To achieve the correct balance of light in a photograph a photographer or the automatic modes on the camera must control the exposure time and the lens aperture setting. Together, these settings determine how much light reaches the film (or imaging sensor). Additionally, the exposure time must be sufficient to minimise the effects of camera shake and motion-blur of the subject. For a given exposure, a fast shutter speed demands a larger aperture to avoid under-exposure, just as a slow shutter speed is offset by a very small aperture to avoid over-exposure. Long shutter speeds are often used in low light conditions, such as at night.

Most shutters also generate a signal to trigger a flash, if connected.

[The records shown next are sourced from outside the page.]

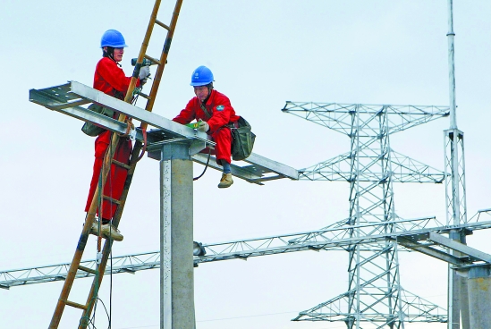 電力施工人員在湖州市220千伏梅溪變電站焊接母線支架,以提高主要電網受電和供電能力。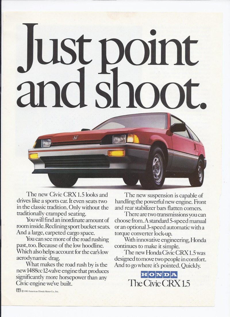 1983 Honda Civic CRX 1.5 Print Ad Automobile car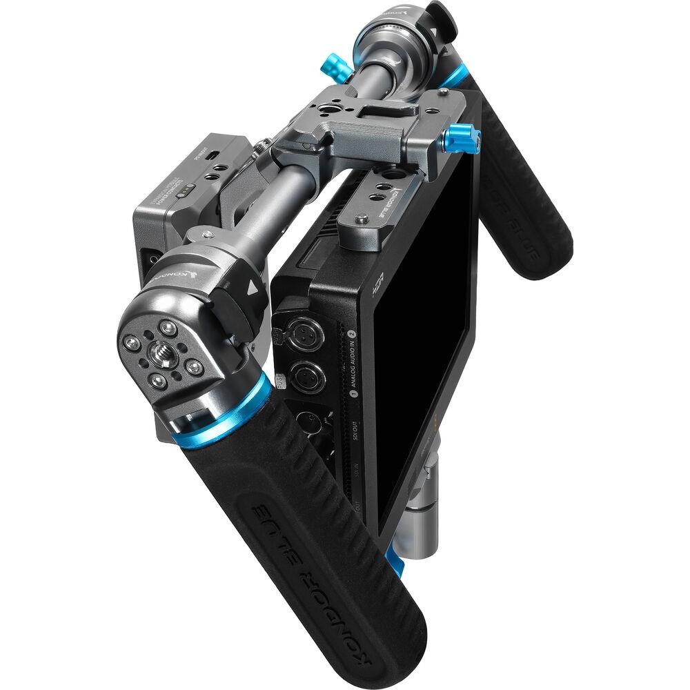 Move freely around your production set and effectively monitor all the action your camera is seeing with this space gray Director's Monitor Pro Kit MKII from Kondor Blue. The lightweight modular kit comes with a monitor bracket that can be mounted on the top or bottom of the monitor and allows you to mount the included V-mount battery plate. This complete monitor rig solution also includes a monitor cage NATO rail, an 8" 15mm rod, two rod-to-rosette adapters, a NATO-to-spigot clamp adapter, and quick release rosette handgrips. Two Allen keys (3 and 4mm) are magnetically integrated into the kit.

Shutter speed is measured in seconds. A typical shutter speed for photographs taken in sunlight is 1/125th of a second. In addition to its effect on exposure, shutter speed changes the way movement appears in the picture. Very short shutter speeds are used to freeze fast-moving subjects, for example at sporting events. Very long shutter speeds are used to intentionally blur a moving subject or to blur the background using panning, for artistic effect.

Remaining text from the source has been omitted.